Retail bonders are also exploring options to separately seek legal recourse since they feel that Axis Trustee is not adequately representing concerns of retail investors. This is also because of a proposal from the Trustee to take a significant haircut on bond holdings and convert part of the holdings to equity. Retail investors feel that this plan will leave nothing much for them at the end of the exercise.
According to at least three such investors that Moneycontrol spoke to Yes Bank’s executives pitched these bonds as ‘super FDs’, which will offer consistent returns and safety of a regular fixed deposit. In most cases, these investors had existing regular fixed deposits in Yes Bank that fetched them a rate of interest of around 8 percent.
Yes Bank executives offered 9-9.5 percent return on these bonds and made them transfer substantially high amounts (in some cases Rs 1 crore to Rs 1.5 crore) to these instruments. “This was done without explaining the high risk associated with these bonds, especially the provision that says these bonds will be extinguished and capital foregone in the event of a financial failure of the bank,” said another investor requesting anonymity.
After the bail-out of Yes Bank, some of these retail investors approached the bank only to receive a response that the matter is sub judice. An email sent to Yes Bank seeking response on charge of mis-selling and the actions taken so far remained unanswered till the time of filing this story.
According to experts, prevailing Reserve Bank of India (RBI) regulations do not bar banks from selling perpetual bonds to retailers, but the rules clearly say that these instruments should not be pitched with fixed deposits as a benchmark. Also, the risks involved in these instruments must be clearly be explained to investors, the rules stated.
Yes Bank’s retail AT1 bond holders allege that these norms were not followed by Yes Bank executives while selling these instruments. Bondholders have invested nearly Rs 94,000 crore in AT1 bonds issued by Indian banks, according to rating agency ICRA. AT1 bonds, also called perpetual bonds, are considered quasi-equity instruments and are riskier than Tier 1 bonds.
After the Yes Bank reconstruction scheme was notified by the government, there was a confusion in the market on March 14 on whether these bonds will be honoured or extinguished as said in the draft reconstruction scheme made public by RBI. But, Yes Bank’s RBI-appointed administrator, Prashant Kumar later clarified that these bonds will be written down fully, as per the agreed reconstruction scheme.

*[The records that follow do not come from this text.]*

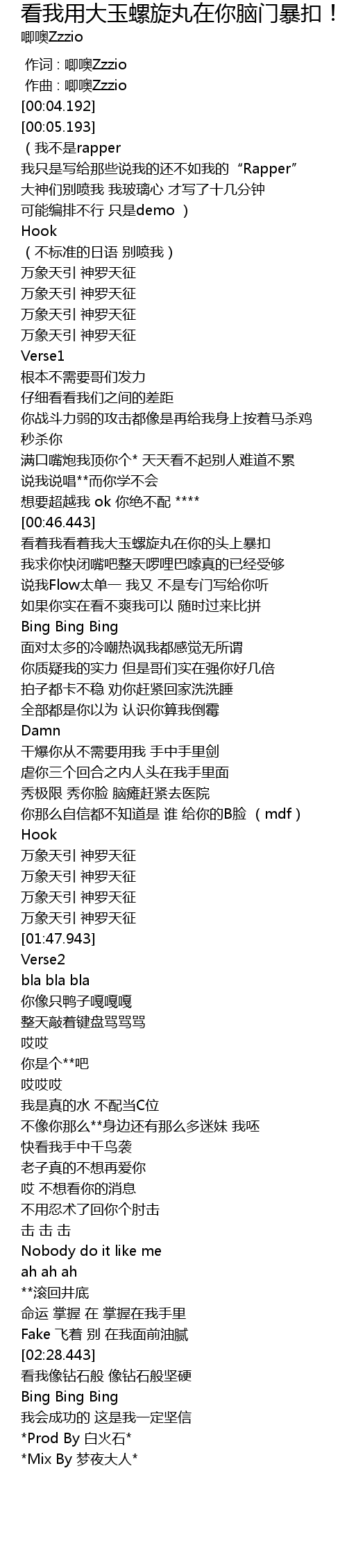 | [00:06.193] | (我不是rapper 我只是写给那些说我的还不如我的“Rapper” |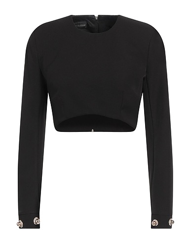 crop top, crepe, solid color with appliqués, embellished, crewneck, long sleeves, zipper fastening, stretch, machine wash, do not bleach, do not tumble dry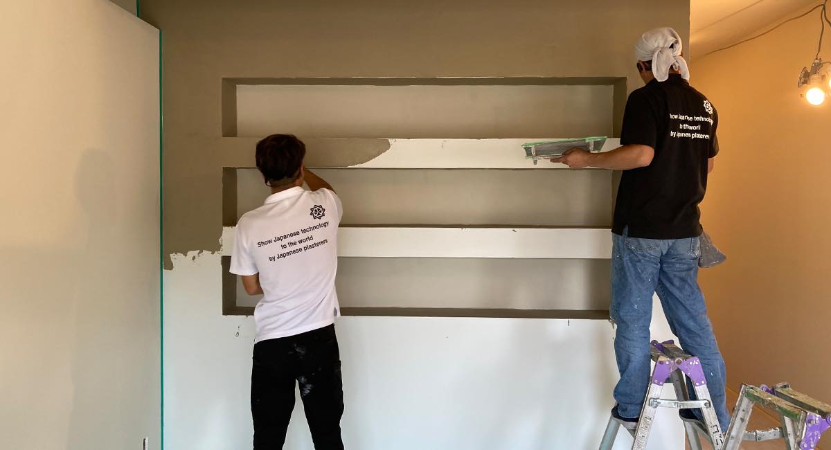 ▽左官工事中の様子

This is because the reconstruction scheme was formed after the RBI invoked Section 45 of the Banking Regulation Act, 1949, which arises when the bank is deemed to be non-viable or approaching non-viability, enabling the write-down of certain Basel III AT1 Bonds.
“In light of the above provisions of the Basel III circular, the Perpetual Subordinated Basel III Compliant Additional Tier I Bonds issued by the bank for an amount of Rs 3,000 crore on December 23, 2016 and the Perpetual Subordinated Basel III Compliant Additional Tier I Bonds issued by the bank for an amount of Rs. 5,415 crore on October 18, 2017 have been fully written down and stand extinguished with immediate effect,” Kumar informed exchanges.